La concertación posibilitó salir de la dictadura. Volver a la perfectible democracia, donde en libertad y respeto de todas las opiniones es posible vivir en paz. Debemos volver a concertar las grandes salidas nacionales, entre todos y no sólo entre las partes fuertes en la actual coyuntura. El Debate Educativo aportó lo suyo pero es necesario complementarlo con la serena reflexión de los técnicos y los representantes de todos los intereses sociales en juego.

El tema que hoy centraliza las energías de los redactores del proyecto de ley se refiere al gobierno y la distribución del poder en la educación entre gobierno y corporaciones. Este es un aspecto del problema, pero no el más importante. Lo que importa es apostar a un proyecto nacional de educación que logre acertar en qué futuro queremos desarrollarnos como país, como Estado democrático y sociedad progresista. Hace cincuenta años que los uruguayos estamos distraídos atendiendo a lo circunstancial, descuidando lo importante, en asuntos de educación.

Sería razonable trabajar, sin prisas y sin pausas, en una comisión no mayor de 20 personas en la gestación de un anteproyecto de ley que instrumente, con sencillez, el marco jurídico de la nueva gestión educativa.

Lo que es urgente y no admite la menor demora es convocar a quienes se dediquen a estudiar un proyecto educativo de país productivo, fecundo, democrático, atractivo para uruguayos y hombres y mujeres de buena voluntad que inauguren el país del futuro.

La encrucijada que hoy vivimos como nación exige seriedad, reflexión y altura de miras. Con el Mercosur, con su ilusión y su freno, vuelve a replantearse nuestra vocación como país independiente. Esta cuestión que arranca desde la época misma de la Independencia no es ajena a la educación, está en su constitución.

José Pedro Varela supo interpretar el espacio geo-político-económico que vivía Uruguay, a mediados del siglo XIX, y se proyectó sobre el nuevo siglo acertando en dar un sistema de enseñanza que nos colocó en el mundo moderno. Y ¡vaya si aquel joven comerciante e intelectual no acertó en su proyección de escenario! Todo un conjunto de políticos y hombres y mujeres emprendedores dieron un impulso fantástico a este querido Uruguay.

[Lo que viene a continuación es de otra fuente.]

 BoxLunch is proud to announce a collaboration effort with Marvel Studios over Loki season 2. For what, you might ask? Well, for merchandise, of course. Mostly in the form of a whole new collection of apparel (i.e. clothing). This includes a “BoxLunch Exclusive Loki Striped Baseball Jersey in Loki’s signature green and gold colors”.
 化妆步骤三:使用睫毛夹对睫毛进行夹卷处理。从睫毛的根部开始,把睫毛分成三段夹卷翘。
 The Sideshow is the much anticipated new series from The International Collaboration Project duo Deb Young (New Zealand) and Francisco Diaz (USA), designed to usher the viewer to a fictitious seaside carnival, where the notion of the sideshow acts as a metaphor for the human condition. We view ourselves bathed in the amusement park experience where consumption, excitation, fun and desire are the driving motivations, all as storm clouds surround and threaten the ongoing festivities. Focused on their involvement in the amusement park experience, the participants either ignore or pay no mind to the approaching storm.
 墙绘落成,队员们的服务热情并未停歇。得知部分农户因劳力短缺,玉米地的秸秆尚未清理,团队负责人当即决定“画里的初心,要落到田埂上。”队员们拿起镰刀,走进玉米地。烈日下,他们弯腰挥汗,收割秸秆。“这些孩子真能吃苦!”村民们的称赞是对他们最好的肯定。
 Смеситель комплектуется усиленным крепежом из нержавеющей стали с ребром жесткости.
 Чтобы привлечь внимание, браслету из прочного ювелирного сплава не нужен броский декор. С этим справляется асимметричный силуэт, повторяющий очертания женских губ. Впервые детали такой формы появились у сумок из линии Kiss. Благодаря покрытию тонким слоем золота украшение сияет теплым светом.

Lo hicieron viable y posible.

Luego del impulso, vino el freno.

El freno lo constituyó el aburguesamiento de quienes sintiéndose satisfechos donde habían llegado bajaron los brazos. Nos creímos que habíamos llegado definitivamente. La «Suiza del Plata» de los campeones del mundo donde «la garra» estaba siempre a la orden. El nuevo modelo fue el Estado de bienestar, quedamos inmovilizados por el Estado Benefactor. Las aspiraciones dejaron de ser nacionales y se trocaron en individuales y corporativas. El país del «pa` qué más» nos hizo entrar en una siesta prolongada después de un almuerzo suculento. Terminaron los proyectos comunes y los esfuerzos estimulantes. El positivismo y el liberalismo triunfantes terminaron por crear un Uruguay plácido pero sin futuro. Expulsor y no receptor. El sistema educativo, a mediados del siglo XX, entró en una espiral de caída al faltarle los motivos para repensarse fuera de los intereses individuales y sectoriales. Faltó estímulo para estudiar y sacrificio para innovar (salvo respetables excepciones). Nos faltó modelo de país consensuado.

La dictadura nos despertó a rechazar lo que no queríamos. Hoy «el conflicto» de Botnia y el esquive de los vecinos grandes nos hacen repensar. ¿Quiénes somos? ¿Adónde queremos ir?

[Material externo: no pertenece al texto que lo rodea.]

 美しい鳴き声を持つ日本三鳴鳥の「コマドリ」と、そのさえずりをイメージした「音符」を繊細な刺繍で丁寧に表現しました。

Educar es proyectarse al futuro. Para «educarnos» tenemos que concertar adónde queremos ir y cómo llegar. Mientras tanto perdemos el tiempo y la vida.

Sin duda avanzamos mucho en los últimos años en varios aspectos: derechos humanos, economía, salud, retroceso de la pobreza. Sin embargo seguimos estancados en lo medular: la educación de nuestros niños y jóvenes.

Esto es gravísimo. El buen final de la crónica es que acertemos a integrar nuestros horizontes.